With numbers, you get GH ≈ 1.8 units Simple, but easy to overlook. Took long enough..

Common Mistakes / What Most People Get Wrong

1. Mixing up the order of the points – When you write the ratio GH/PQ = HI/QC, make sure the corresponding sides match up. Swapping them gives a completely wrong answer.
2. Forgetting that HI is perpendicular to AB – Some students treat HI as just any segment, which breaks the similarity argument.
3. Assuming the triangle is isosceles – The method works for any right triangle; you don’t need equal legs.
4. Ignoring the possibility that PQ could cross the altitude – If PQ isn’t entirely inside the triangle, the similarity breaks down.
5. Using the wrong Pythagorean theorem – Remember that the theorem applies to right triangles only. Don’t try to apply it to PQQ or GH if those aren’t right‑angled.

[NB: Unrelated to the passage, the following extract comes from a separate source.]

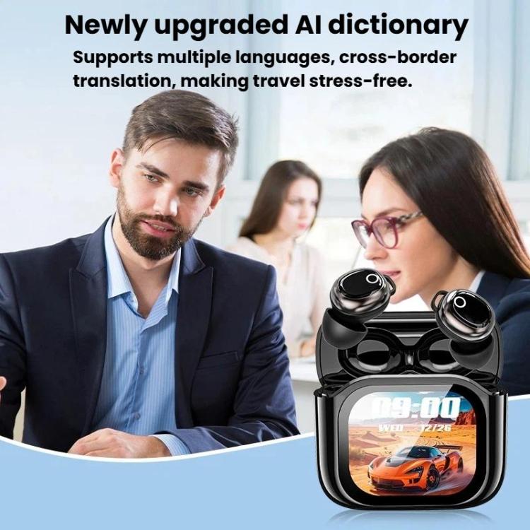中文名称:JM28 迷你蓝牙耳机带彩屏 翻译降噪入耳式耳机(黑色)

Practical Tips / What Actually Works

• Draw a clean diagram before you start. Label every point and segment. Geometry is visual; a sketch saves headaches.
• Check for right angles first. If you spot a right angle, look for similar triangles immediately.
• Use the altitude formula h = (ab)/c for a right triangle. It gives you the length of the altitude from the right angle to the hypotenuse in one fell swoop.
• When in doubt, switch to coordinates. Setting A = (a, 0), B = (0, b), C = (0, 0) simplifies many distance calculations.
• Keep a “ratio sheet”. Write down all the ratios you can get from similar triangles. Often one of them will directly give you the needed side.

FAQ

Q1: What if PQ is not inside the triangle?
If PQ crosses the altitude or lies outside the triangle, the similarity argument fails. In that case, you’ll need to break the problem into smaller triangles or use the law of cosines.

Q2: Can this method work for non‑right triangles?
The specific ratio GH/PQ = HI/QC relies on the right angle at C. For general triangles, you’d need to use the law of sines or cosines instead Not complicated — just consistent..

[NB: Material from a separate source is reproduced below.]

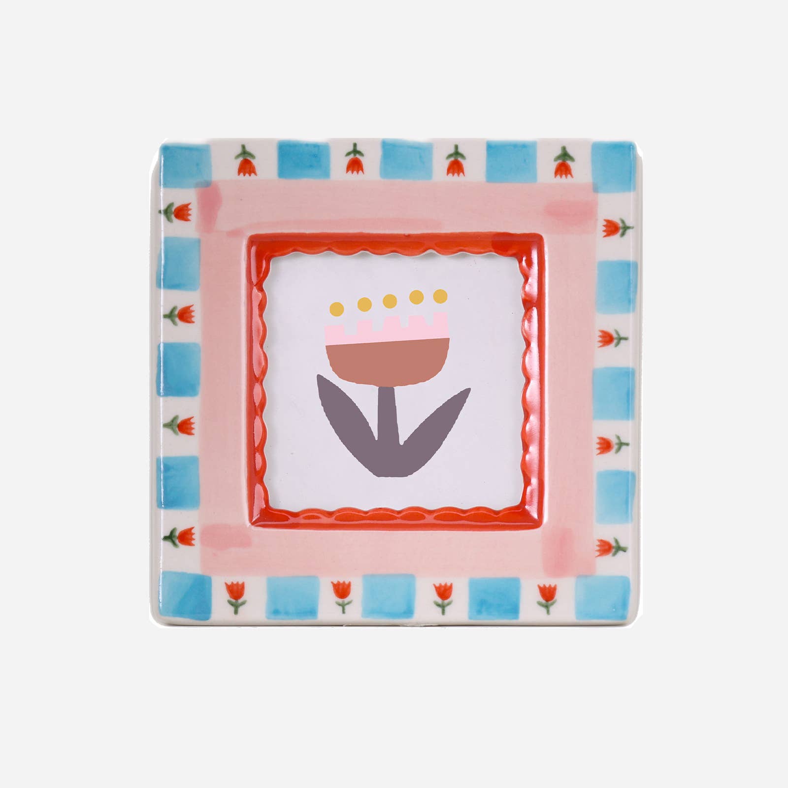 Hand-painted Ceramic Photo Frame, Red Flowers

Q3: Is there a quick mental trick?
If you’re given a 5‑12‑13 triangle and the segments are simple fractions of the sides, you can often guess the answer by scaling. But always double‑check with a calculation.

Q4: Why does the altitude formula use the product of the legs?
It comes from the area of the triangle: Area = (1/2)·ab = (1/2)·c·h. Solve for h to get h = (ab)/c.

Q5: Can I use this for trapezoids?
If the trapezoid contains a right triangle with the same altitude, the same logic can apply. Just be careful with the extra parallel sides.

Closing Thought

Geometry problems that hide a missing length behind a couple of known segments feel like a puzzle waiting to be solved. Once you spot the similarity or the hidden right angle, the answer is almost begging for you. Practice with a few different diagrams, and soon you’ll be able to jump from “Given PQ and HI” straight to “GH is …” without breaking a sweat. Happy figuring!